This review is limited by methodology of included studies; there was poor reporting of methods for sequence generation, allocation concealment and blinding of participants, personnel and outcome assessment.
Social media use is constantly evolving, resulting in difficulties in defining the interventions and ensuring the use of up-to-date sources.
Overweight and obesity are characterised by abnormal or excessive fat accumulation that may impair health.1 Body mass index (BMI) is the common measure for body fat. In adults, a BMI greater than 24 is indicative of overweight status and a BMI greater than 29 indicates obesity.2 There is no universal agreement on the classification of obesity in children, but the use of growth charts and reference curves have been suggested.2 BMI does not account for factors such as lean muscle composition or waist circumference, but at a population level it is a good indicator of weight status.2
Overweight and obesity are global problems, affecting developed and developing countries. In 2008, the WHO estimated that more than 1.4 billion adults worldwide, aged 20 years and older, were overweight, and, of those, over 700 million were obese.1 These conditions lead to a variety of chronic diseases such as cardiovascular disease and type 2 diabetes, which pose a large burden on health systems.2
While there are pharmacological and surgical options for treatment of excessive weight, they are typically reserved for extreme situations. Lifestyle interventions involving changes in diet and physical activity levels are most commonly advocated for prevention and treatment,2 particularly decreasing calories and augmenting energy expenditure through increased exercise. Other dietary changes such as increasing fruit and vegetable consumption and decreasing sugary beverage intake are also advocated.
While there have been many studies examining the use of computer and Internet-based interventions promoting healthy diet and exercise,3–7 social media offers a new group of tools whose efficacy as an intervention for lifestyle modifications is just beginning to be evaluated. Social media can be defined as a group of online applications that allow for the creation and exchange of user-generated content, and which can be divided into five different types: (1) collaborative projects (eg, Wikipedia), (2) blogs or microblogs (eg, Wordpress and Twitter), (3) content communities (eg, YouTube), (4) social networking sites (eg, Facebook) and (5) virtual gaming or social worlds (eg, Second Life).8 These tools are a part of what was, in 2004, termed Web V.2.0: the utilisation of the World Wide Web as a platform where content is continuously modified by all users in a collaborative fashion.8
Many benefits of social media have been advocated. Social media provides a cost-effective way to increase user interaction, provide peer-to-peer support and widen access to health interventions.9 However, there are concerns about reliability and quality control of disseminated information. As social media gains in popularity as a health intervention,10 it is important to understand the impact it is having on users.
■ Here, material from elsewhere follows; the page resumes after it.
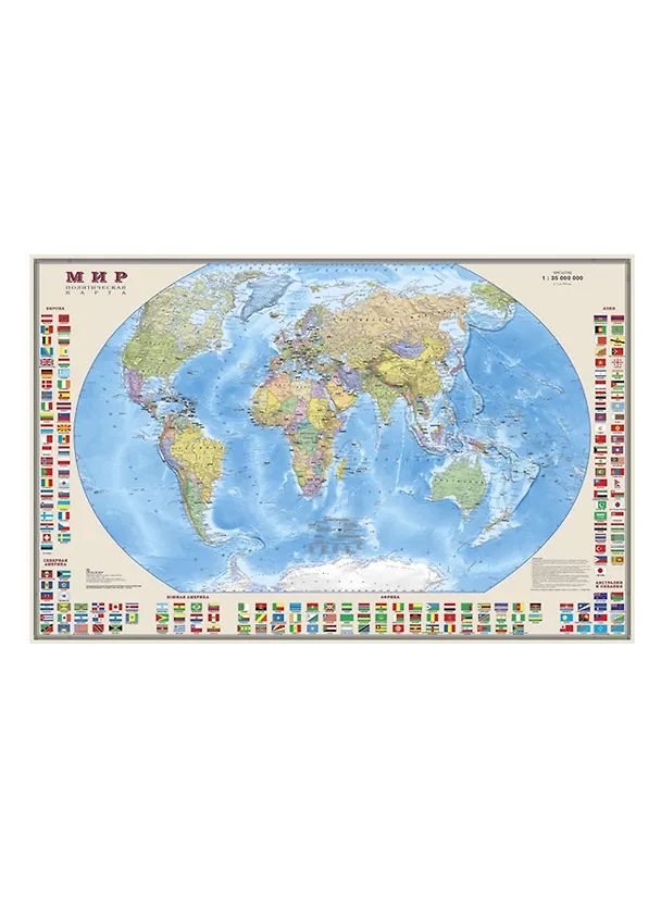 Мир Политическая карта с флагами (1:30 млн) (134х87 / 122х79) (829) (рулон)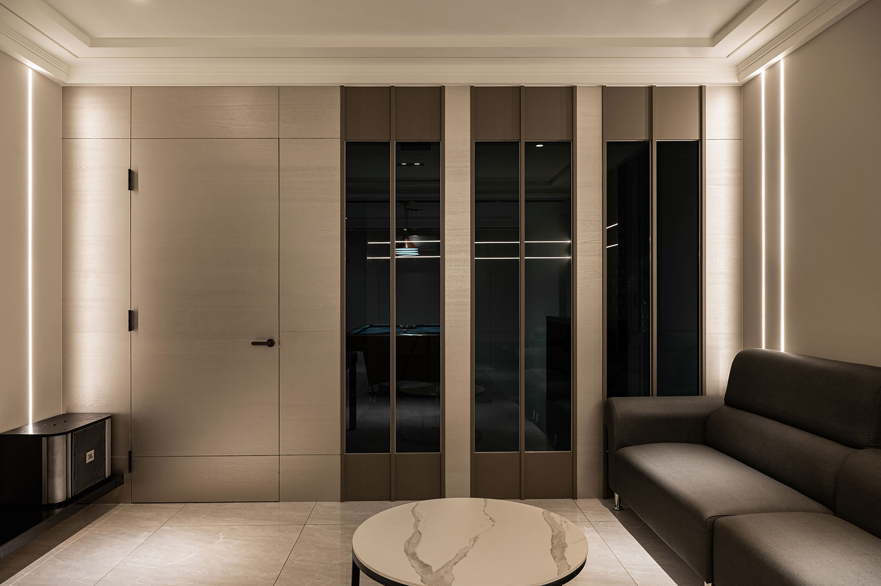 - 建材:線板、玫瑰金鋁條、義大利大板磚、烤漆、特殊漆、烤漆玻璃、栓木皮染色、天然白金橡木、灰鏡、賽礫石、皮革繃板

Our objective was to conduct a systematic review of randomised controlled trials (RCTs) examining the use of social media to promote healthy diet and exercise in the general population to identify (1) how social media is being used as an intervention and (2) whether it is effective.
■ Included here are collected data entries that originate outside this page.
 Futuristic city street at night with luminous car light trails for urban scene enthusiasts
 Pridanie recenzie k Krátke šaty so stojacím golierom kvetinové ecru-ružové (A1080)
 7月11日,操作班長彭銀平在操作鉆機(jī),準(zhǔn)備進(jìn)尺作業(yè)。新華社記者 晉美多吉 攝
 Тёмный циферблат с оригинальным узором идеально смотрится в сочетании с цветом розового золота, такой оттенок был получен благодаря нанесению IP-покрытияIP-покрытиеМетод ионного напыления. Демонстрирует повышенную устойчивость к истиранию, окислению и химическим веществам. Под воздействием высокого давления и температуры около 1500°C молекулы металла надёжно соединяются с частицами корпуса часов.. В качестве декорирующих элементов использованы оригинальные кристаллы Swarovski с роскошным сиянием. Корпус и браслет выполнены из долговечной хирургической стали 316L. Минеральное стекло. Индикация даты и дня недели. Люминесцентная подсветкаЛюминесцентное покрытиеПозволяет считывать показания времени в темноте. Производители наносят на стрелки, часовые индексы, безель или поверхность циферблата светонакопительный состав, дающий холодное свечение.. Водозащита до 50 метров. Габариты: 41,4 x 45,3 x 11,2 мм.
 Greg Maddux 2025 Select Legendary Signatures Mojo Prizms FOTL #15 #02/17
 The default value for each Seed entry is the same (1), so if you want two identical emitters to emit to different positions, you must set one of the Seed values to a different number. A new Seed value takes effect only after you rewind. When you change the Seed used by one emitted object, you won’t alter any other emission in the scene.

A research librarian with extensive experience in systematic reviews developed the search strategy, which involved 11 databases: MEDLINE, CENTRAL, ERIC (all via the Ovid platform), PubMed (hosted by the National Library of Medicine), CINAHL, Academic Search Complete, Alt Health Watch, Health Source, Communication and Mass Media Complete (all via the EBSCO platform), Web of Knowledge, and ProQuest Dissertation and Thesis. The databases were searched from 2000 to April 2013; the search was run on 3 May 2013. The starting date of 2000 corresponded to the establishment of Web V.2.0. References of included studies were also scanned for relevant literature. The search was not restricted by language or publication status. The search strategy for MEDLINE is appended; the searches for other databases are available from authors on request.
RCTs of social media interventions promoting healthy diet and exercise behaviours in the general population were eligible for this review. Interventions using social media, alone or as part of a complex intervention, were included based on Kaplan and Haenlein's8 classifications. We included electronic discussion boards as they involve the sharing of user-generated content. Any outcomes related to lifestyle behaviour change were considered for inclusion in this review. We excluded studies where interventions were targeted to populations with specific medical conditions such as diabetes, metabolic disorder, cardiovascular disease or eating disorders.
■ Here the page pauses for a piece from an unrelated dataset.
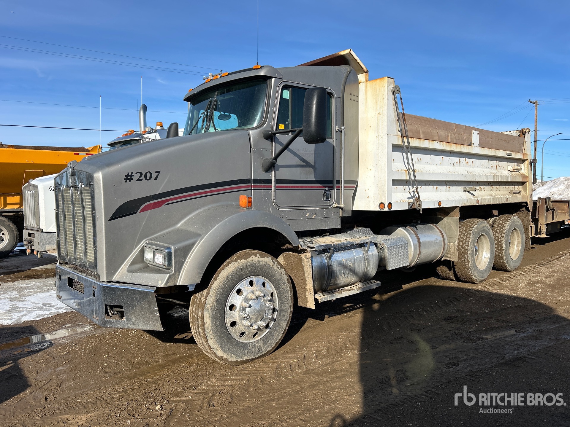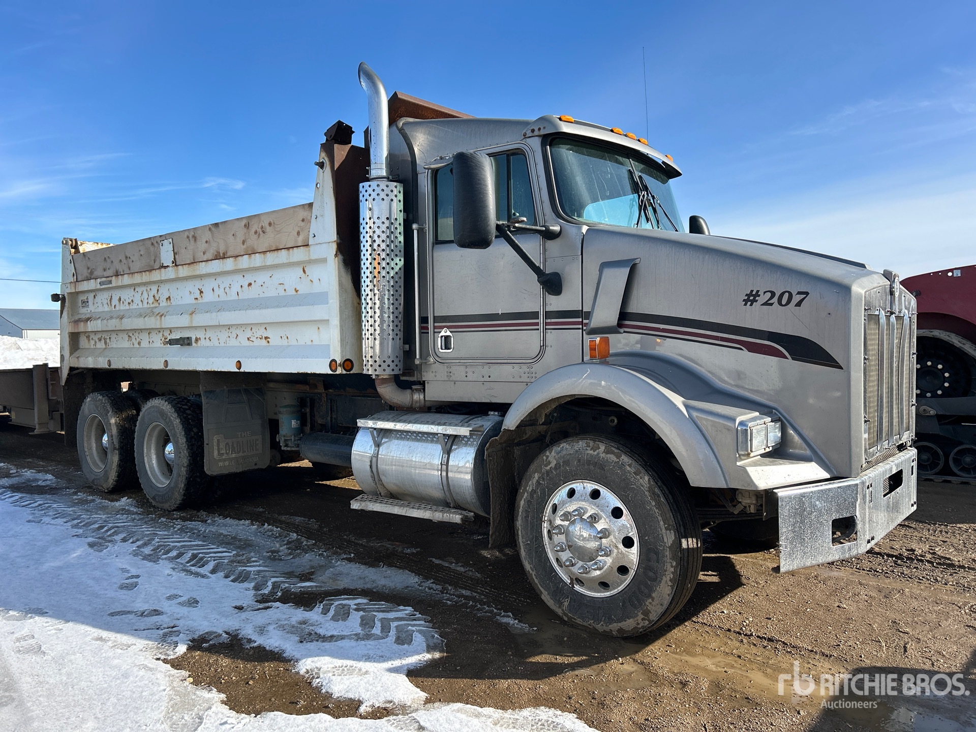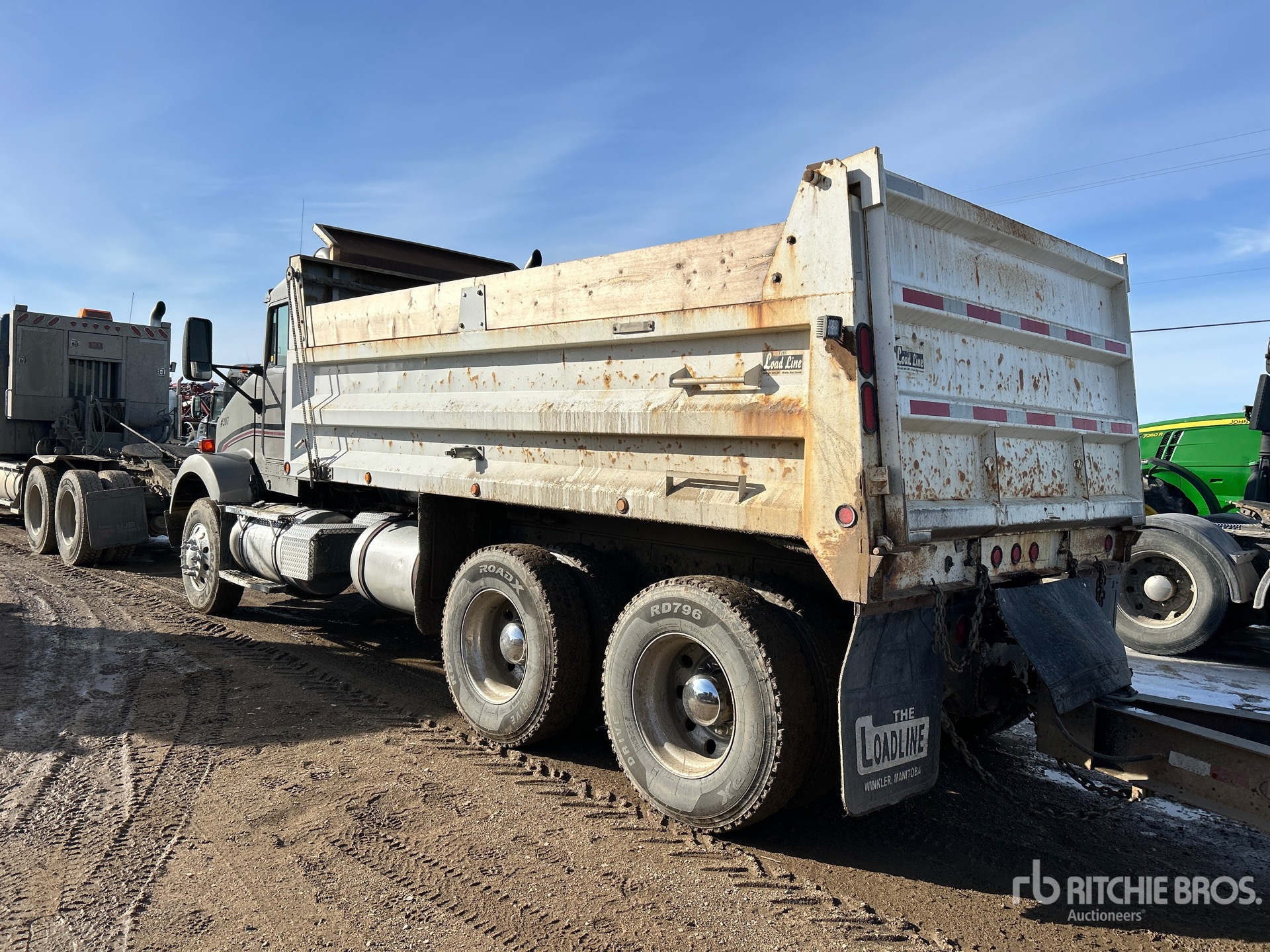 Cat C12 6 Cylinder Diesel 430 hp Engine, Engine Brake, Eaton Fuller RTLO-16713A 13-Speed Manual Transmission, Spicer DS462P Drive Axles, 4.33:1 Axle Ratio, 23587 kg GVWR, Aluminum Wheels, 11R22.5, 8-Bag Air Ride Suspension, 209 in Wheelbase, PTO, Load Line 15 ft Long x 3 ft 10 in High Steel Body, Manual Roll Tarp, Complete-Dispersal-for-J-Alexander-Trucking-Ltd

Two reviewers independently screened all titles and abstracts. The full texts of ‘relevant’ or ‘unclear’ articles were subsequently evaluated for eligibility by two independent reviewers. Discrepancies were resolved through consensus.
Data extraction was completed by one reviewer using a standardised form in Microsoft Excel 2007 (Microsoft, Redmond, Washington, USA) and verified by a second reviewer. The data extraction form was piloted by all reviewers on a set of studies prior to use. Extracted data included study characteristics, population characteristics (target population, age and gender distribution, and setting), intervention characteristics (simple vs complex, description of intervention), outcome measures (primary and secondary), results and authors’ conclusions.
Study quality was assessed using the Cochrane Risk of Bias Tool11 which examines sequence generation, allocation concealment, blinding, incomplete outcome data, selective outcome reporting and other sources of bias. Risk of bias assessment was performed independently in duplicate, and differences between reviewers were resolved through consensus. Risk of bias assessments are described by study and for the review overall; results are discussed in light of some of the common limitations identified in the included set of studies.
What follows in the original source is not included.